[[ COLLECTED MATERIAL, beginning ]]

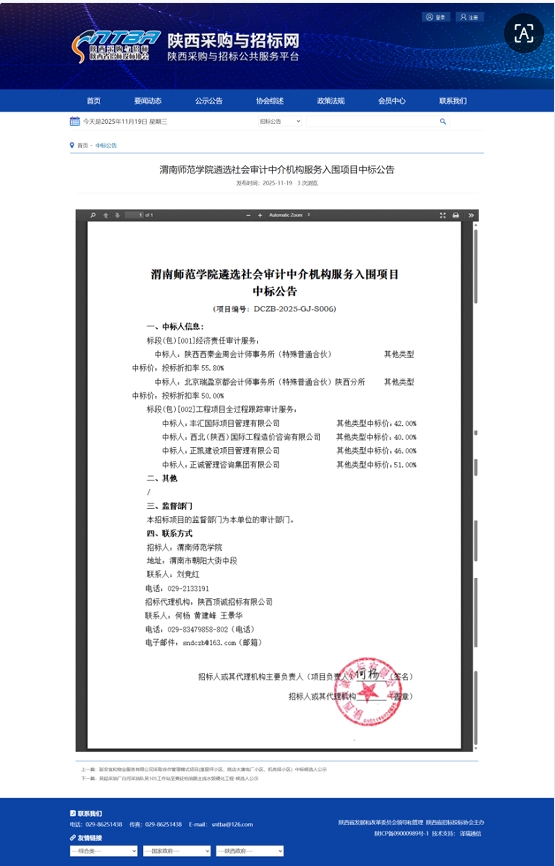 渭南师范学院遴选社会审计中介机构服务入围项目中标公告
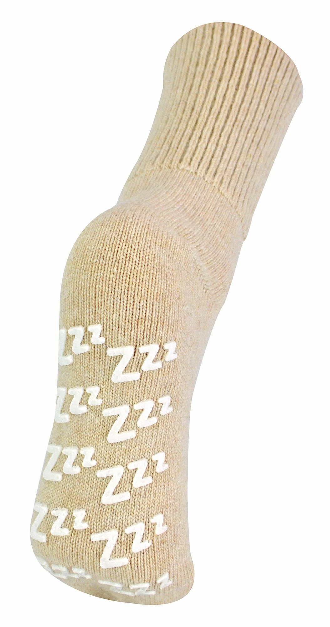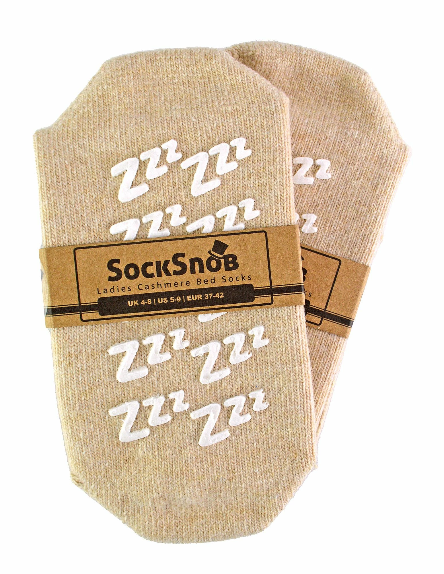Ladies Cashmere Bed Socks with GrippersWhen you’re spending that cosy night in during the colder months and you want to make sure you’re warm from head to toe, you’ll need to start at your feet. That’s where these Wool Cashmere Bed Socks come in! Super cosy and soft, these socks won’t let you down in winter.The special mix of wool & cashmere fibres create a perfect soft feel and ultimate warmth for your feet. These materials have natural thermal qualities and are ideal to be used as both night or lounge wear.These socks have a great patterned gripper sole of sleepy ZZZ’s, helping to keep you secure on slippery household flooring, such as wooden panels or laminate. They also show that these socks are definitely designed for napping on the sofa on those lazy afternoons.They come in two traditional colours: Beige & Grey with White anti-slip grips, and are available in Ladies size 4-8 UK. They are made of 40% Wool, 28% Viscose, 20% Polyamide, 10% Cashmere, 2% Elastane and are machine washable.Extra Product DetailsLadies Cashmere Bed SocksWool & Cashmere BlendSoft & Comfortable2 Colours AvailableZZZ’s Non Slip GrippersNatural Thermal PropertiesA Great GiftIdeal For Lounging & RelaxingOne SIze: 4-8 UKMachine Washable
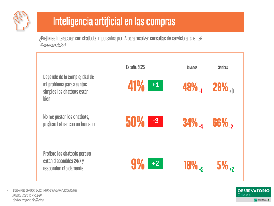 Aunque sólo el 9% prefiere los chatbots porque están disponibles 24 horas y responden rápidamente, este porcentaje crece dos puntos respecto a 2024, destacando 9pp por encima de la media los jóvenes con un 18% de menciones
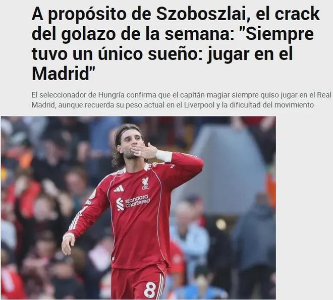 匈牙利主帥羅西近日表示,索博斯洛伊的夢想是為皇馬效力,而馬卡報表示這個言論已經(jīng)引起了銀河戰(zhàn)艦的關(guān)注。

[[ COLLECTED MATERIAL, end ]]

**WHAT THE TASK REQUIRES:** Please copy the data shown above, line by line and exactly, omitting the images.

**RESPONSE:**
 渭南师范学院遴选社会审计中介机构服务入围项目中标公告
Ladies Cashmere Bed Socks with GrippersWhen you’re spending that cosy night in during the colder months and you want to make sure you’re warm from head to toe, you’ll need to start at your feet. That’s where these Wool Cashmere Bed Socks come in! Super cosy and soft, these socks won’t let you down in winter.The special mix of wool & cashmere fibres create a perfect soft feel and ultimate warmth for your feet. These materials have natural thermal qualities and are ideal to be used as both night or lounge wear.These socks have a great patterned gripper sole of sleepy ZZZ’s, helping to keep you secure on slippery household flooring, such as wooden panels or laminate. They also show that these socks are definitely designed for napping on the sofa on those lazy afternoons.They come in two traditional colours: Beige & Grey with White anti-slip grips, and are available in Ladies size 4-8 UK. They are made of 40% Wool, 28% Viscose, 20% Polyamide, 10% Cashmere, 2% Elastane and are machine washable.Extra Product DetailsLadies Cashmere Bed SocksWool & Cashmere BlendSoft & Comfortable2 Colours AvailableZZZ’s Non Slip GrippersNatural Thermal PropertiesA Great GiftIdeal For Lounging & RelaxingOne SIze: 4-8 UKMachine Washable
 Aunque sólo el 9% prefiere los chatbots porque están disponibles 24 horas y responden rápidamente, este porcentaje crece dos puntos respecto a 2024, destacando 9pp por encima de la media los jóvenes con un 18% de menciones
 匈牙利主帥羅西近日表示,索博斯洛伊的夢想是為皇馬效力,而馬卡報表示這個言論已經(jīng)引起了銀河戰(zhàn)艦的關(guān)注。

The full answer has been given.